- Opening Delimiter -

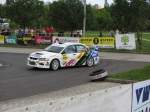 Mitsubishi Lancer driftet auf dem Prologue des 46-ten Mecsek Rallye (2012)
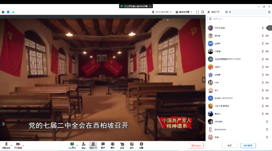 为引导支部党员进一步坚定理想信念,提升思想境界,切实增强党组织的凝聚力和战斗力,2023年7月21日,51吃瓜 领航先锋研究生党支部组织支部成员线上观看了共产党员网推出的微视频《精神的追寻——西柏坡精神》。支部党员参加了此次活动,本次活动由支部组织委员王晨光主持。
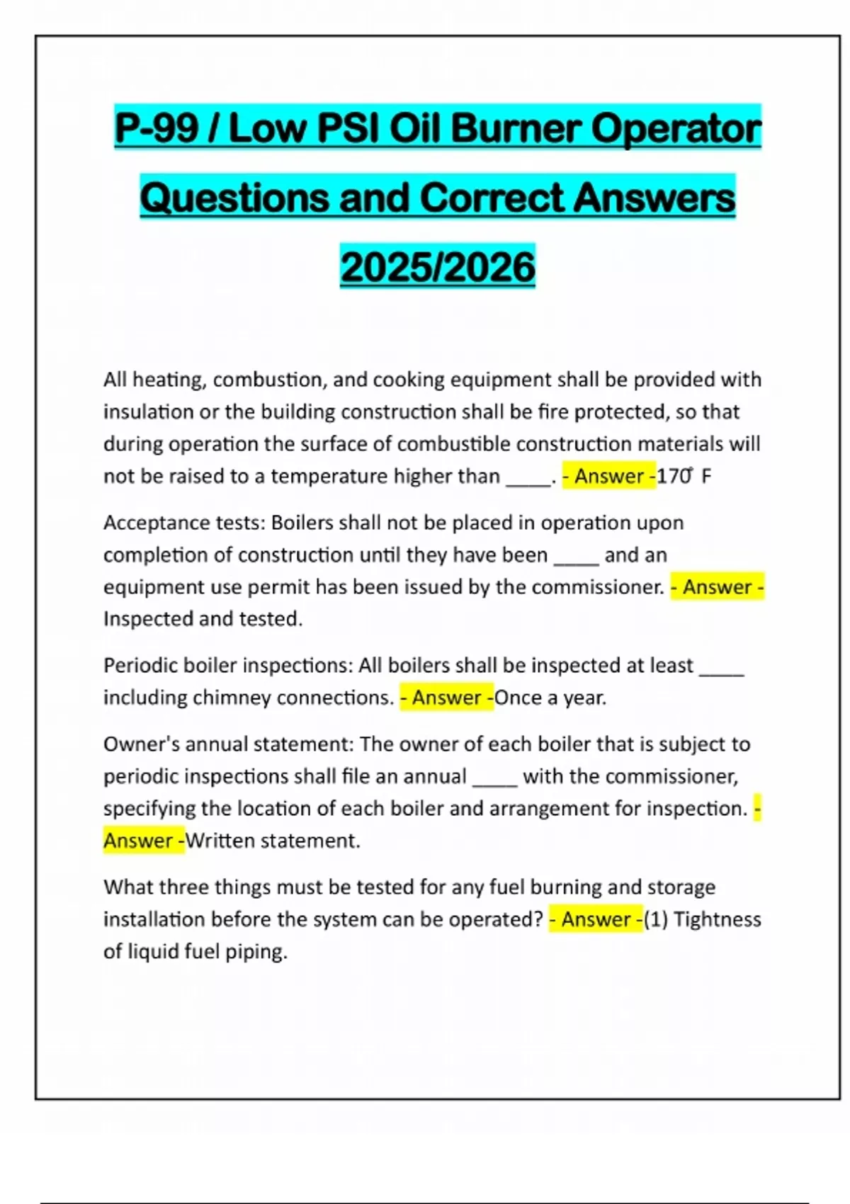 P-99 / Low PSI Oil Burner Operator Questions and Correct Answers 2025/2026 All heating, combustion, and cooking equipment shall be provided with insulation or the building construction shall be fire protected, so that during operation the surface of combustible construction materials will not be raised to a temperature higher than ____. - Answer -170 ̊ F Acceptance tests: Boilers shall not be placed in operation upon completion of construction until they have been ____ and an equipment use permit has been issued by the commissioner. - Answer - Inspected and tested. Periodic boiler inspections: All boilers shall be inspected at least ____ including chimney connections. - Answer -Once a year. Owner's annual statement: The owner of each boiler that is subject to periodic inspections shall file an annual ____ with the commissioner, specifying the location of each boiler and arrangement for inspection. - Answer -Written statement. What three things must be tested for any fuel burning and storage installation before the system can be operated? - Answer -(1) Tightness of liquid fuel piping.(2) Tightness of fuel oil storage tanks. (3) Tightness of gas distribution piping. What are instruction cards for oil burning systems? - Answer -Cards giving complete instructions for care and operation that are permanently located near the equipment. Every oil burning installation that is not fully automatic or requires preheating shall be operated by, or under, the direct supervision of a person holding a ____ issued by the fire commissioner. - Answer -COF After any fuel burning equipment repair for which a licensed operator is required, such operator shall also check the repairs and be ____ while the equipment is started. - Answer -Present. What is abatement of air contaminants? - Answer -Compliance with the air pollution control code. What are the 3 equipment classifications and their temperatures for the products of combustion at the point of leaving the equipment? - Answer -(1) Low Temp: 600° F or less. (2) Medium Temp: 600° - 1000° F. (3) High Temp: 1000° or greater.

- Closing Delimiter -

**Description of the task**
Reprint the whole listing verbatim except for the pictures.

**Result of this exercise**
 Mitsubishi Lancer driftet auf dem Prologue des 46-ten Mecsek Rallye (2012)
 为引导支部党员进一步坚定理想信念,提升思想境界,切实增强党组织的凝聚力和战斗力,2023年7月21日,51吃瓜 领航先锋研究生党支部组织支部成员线上观看了共产党员网推出的微视频《精神的追寻——西柏坡精神》。支部党员参加了此次活动,本次活动由支部组织委员王晨光主持。
 P-99 / Low PSI Oil Burner Operator Questions and Correct Answers 2025/2026 All heating, combustion, and cooking equipment shall be provided with insulation or the building construction shall be fire protected, so that during operation the surface of combustible construction materials will not be raised to a temperature higher than ____. - Answer -170 ̊ F Acceptance tests: Boilers shall not be placed in operation upon completion of construction until they have been ____ and an equipment use permit has been issued by the commissioner. - Answer - Inspected and tested. Periodic boiler inspections: All boilers shall be inspected at least ____ including chimney connections. - Answer -Once a year. Owner's annual statement: The owner of each boiler that is subject to periodic inspections shall file an annual ____ with the commissioner, specifying the location of each boiler and arrangement for inspection. - Answer -Written statement. What three things must be tested for any fuel burning and storage installation before the system can be operated? - Answer -(1) Tightness of liquid fuel piping.(2) Tightness of fuel oil storage tanks. (3) Tightness of gas distribution piping. What are instruction cards for oil burning systems? - Answer -Cards giving complete instructions for care and operation that are permanently located near the equipment. Every oil burning installation that is not fully automatic or requires preheating shall be operated by, or under, the direct supervision of a person holding a ____ issued by the fire commissioner. - Answer -COF After any fuel burning equipment repair for which a licensed operator is required, such operator shall also check the repairs and be ____ while the equipment is started. - Answer -Present. What is abatement of air contaminants? - Answer -Compliance with the air pollution control code. What are the 3 equipment classifications and their temperatures for the products of combustion at the point of leaving the equipment? - Answer -(1) Low Temp: 600° F or less. (2) Medium Temp: 600° - 1000° F. (3) High Temp: 1000° or greater.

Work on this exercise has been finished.